The yaw rotation error vector is computed by taking the cross product of two vectors that are both in the horizontal plane of the earth frame. The result is parallel to the earth frame vertical.
Therefore, the yaw rotation error vector and the roll-pitch rotation error vector are orthogonal in the earth frame. Therefore they are orthogonal in the body frame. Therefore, an error in the yaw compensation does not impact the accuracy of the roll-pitch compensation.
Best regards,
Bill

Hi Gisela,

Another thought...in case you have not seen them, you might be interested in Robert Mahony's papers. He goes into more mathematical detail.
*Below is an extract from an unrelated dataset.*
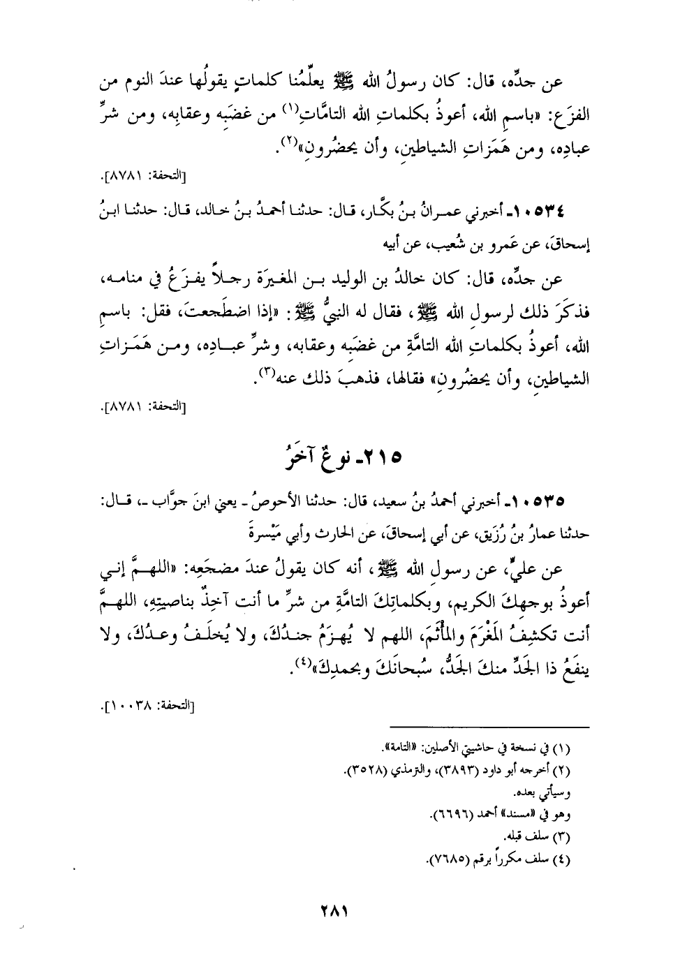 10534 - أَخْبَرَنِي عِمْرَانُ بْنُ بَكَّارٍ، قَالَ: حَدَّثَنَا أَحْمَدُ بْنُ خَالِدٍ، قَالَ: حَدَّثَنَا ابْنُ إِسْحَاقَ، عَنْ عَمْرِو بْنِ شُعَيْبٍ، عَنْ أَبِيهِ، عَنْ جَدِّهِ، قَالَ: كَانَ خَالِدُ بْنُ الْوَلِيدِ بْنِ الْمُغِيرَةِ رَجُلًا يَفْزَعُ فِي مَنَامِهِ، فَذَكَرَ ذَلِكَ لِرَسُولِ اللهِ صَلَّى اللهُ عَلَيْهِ وَسَلَّمَ فَقَالَ لَهُ النَّبِيُّ صَلَّى اللهُ عَلَيْهِ وَسَلَّمَ: " إِذَا §اضْطَجَعْتَ فَقُلْ: بِاسْمِ اللهِ، أَعُوذُ بِكَلِمَاتِ اللهِ التَّامَّةِ، مِنْ غَضَبِهِ وَعِقَابِهِ، وَشَرِّ عِبَادِهِ، وَمِنْ هَمَزَاتِ الشَّيَاطِينِ، وَأَنْ يَحْضُرُونِ " فَقَالَهَا فَذَهَبَ ذَلِكَ عَنْهُ

The point I was trying to make in my previous comment is that:

1. When the IMU is not level, the drift compensations compute rotation corrections that are applied to all three physical gyros, because each gyro receives a weighted sum of the three elements in each rotation error vector.

2. When roll-pitch lock has been achieved, the roll-pitch rotation compensation error vector is orthogonal to the yaw rotation compensation error vector, in any frame of reference. So, when the two rotation error vectors are transformed from the earth frame into the body frame and mapped onto the physical gyros, they should not interfere with each other.

I think I understand your question, which I think boils down to, "Do errors in the yaw rate gyro create errors in roll-pitch values". If that is the question, my answer is that, provided the rate errors are not so large as to break lock, the roll-pitch values should not be impacted by yaw error.

Best regards,
Bill

Hi Gisela,

How much discrepancy in roll-pitch are you seeing? There are a number of known sources of small errors, including:

1. Forward acceleration.
2. Linearization of the non-linear update equation.
3. GPS filtering.
4. Side slip introduces errors in centrifugal compensation.

Are you running simulations?

Best regards,
Bill